Background: H1N1 influenza viruses were responsible for the 1918 pandemic that caused millions of deaths worldwide and the 2009 pandemic that caused approximately twenty thousand deaths. The cellular response to such virus infections involves extensive genetic reprogramming resulting in an antiviral state that is critical to infection control. Identifying the underlying transcriptional network driving these changes, and how this program is altered by virally-encoded immune antagonists, is a fundamental challenge in systems immunology.
Results: Genome-wide gene expression patterns were measured in human monocyte-derived dendritic cells (DCs) infected in vitro with seasonal H1N1 influenza A/New Caledonia/20/1999. To provide a mechanistic explanation for the timing of gene expression changes over the first 12 hours post-infection, we developed a statistically rigorous enrichment approach integrating genome-wide expression kinetics and time-dependent promoter analysis. Our approach, TIme-Dependent Activity Linker (TIDAL), generates a regulatory network that connects transcription factors associated with each temporal phase of the response into a coherent linked cascade. TIDAL infers 12 transcription factors and 32 regulatory connections that drive the antiviral response to influenza. To demonstrate the generality of this approach, TIDAL was also used to generate a network for the DC response to measles infection. The software implementation of TIDAL is freely available at http://tsb.mssm.edu/primeportal/?q=tidal_prog.
Conclusions: We apply TIDAL to reconstruct the transcriptional programs activated in monocyte-derived human dendritic cells in response to influenza and measles infections. The application of this time-centric network reconstruction method in each case produces a single transcriptional cascade that recapitulates the known biology of the response with high precision and recall, in addition to identifying potentially novel antiviral factors. The ability to reconstruct antiviral networks with TIDAL enables comparative analysis of antiviral responses, such as the differences between pandemic and seasonal influenza infections.
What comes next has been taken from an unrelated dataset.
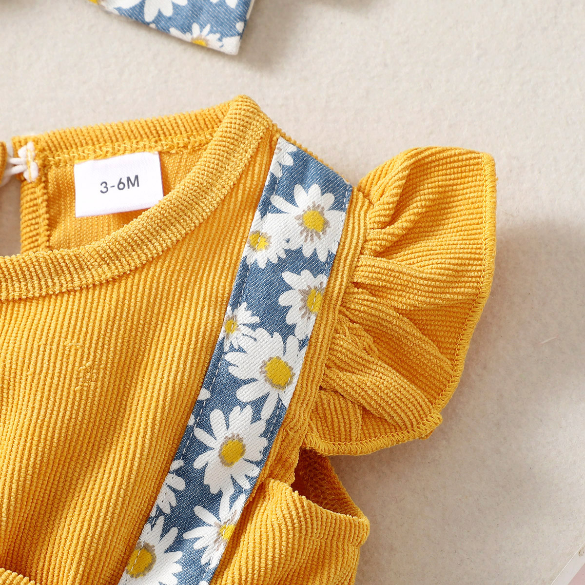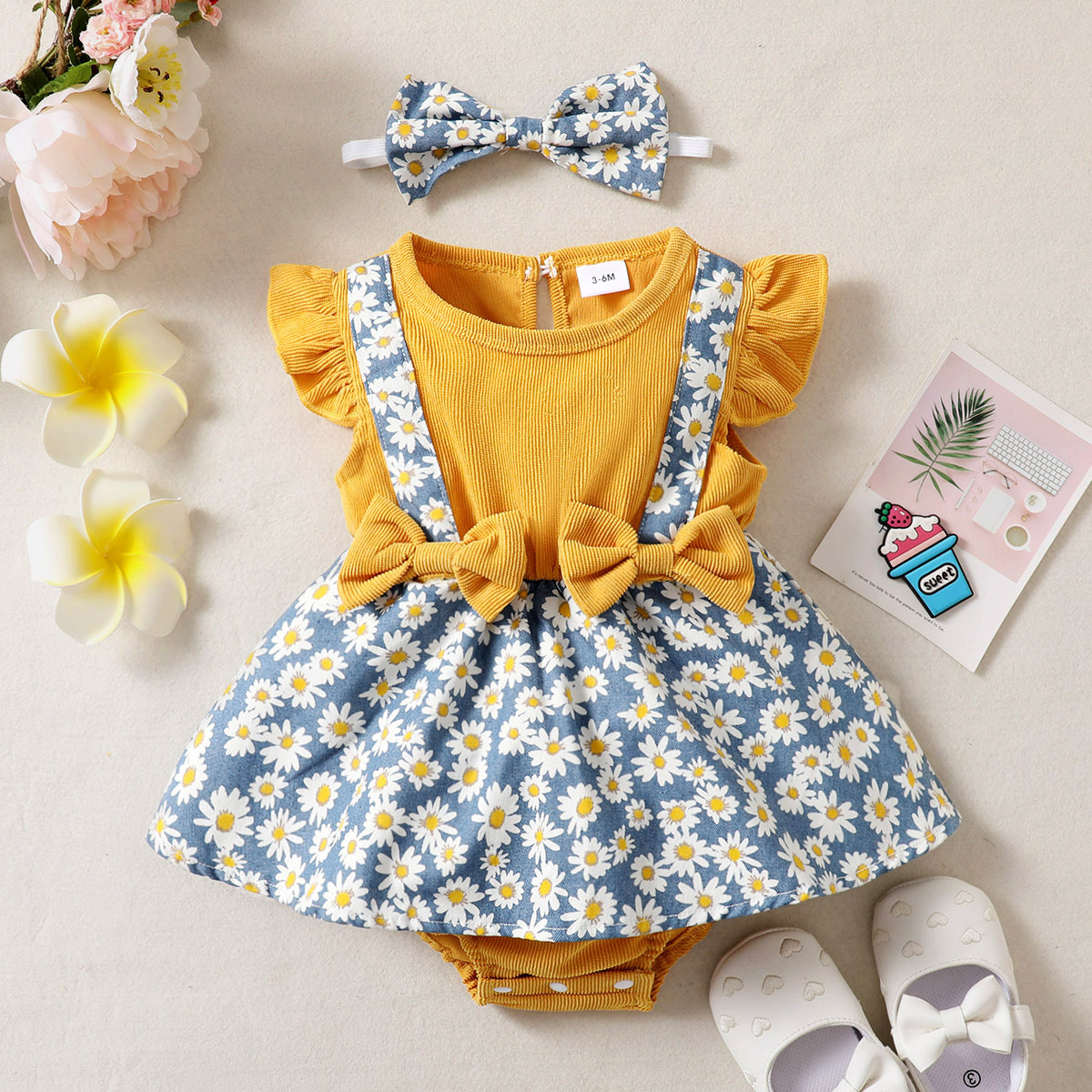 Baby Girl Ruffle-sleeve Patchwork Floral Bowknot Bodysuit with Headband Wholesale
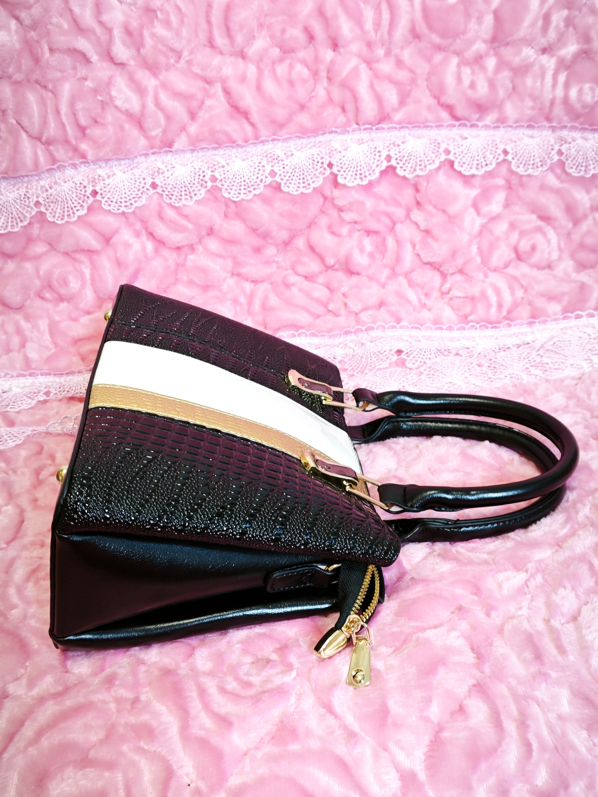 Black & Gold-White Crocodile-Print 3-Piece Handbag

Reconstruction of regulatory networks through temporal enrichment profiling and its application to H1N1 influenza viral infection
Creators
Elena Zaslavsky - Icahn School of Medicine at Mount Sinai
German Nudelman - Icahn School of Medicine at Mount Sinai
Susanna Marquez - York University
Uri Hershberg - Drexel University
Boris M. Hartmann - Icahn School of Medicine at Mount Sinai
Juilee Thakar - Yale University
Stuart C. Sealfon - Icahn School of Medicine at Mount Sinai
Steven H. Kleinstein - Yale University
Publication Details
BMC bioinformatics, v 14(6), pp S1-S1
Publisher
Springer Nature
Number of pages
13
Grant note
UL1TR000067 / NATIONAL CENTER FOR ADVANCING TRANSLATIONAL SCIENCES; United States Department of Health & Human Services; National Institutes of Health (NIH) - USA; NIH National Center for Advancing Translational Sciences (NCATS)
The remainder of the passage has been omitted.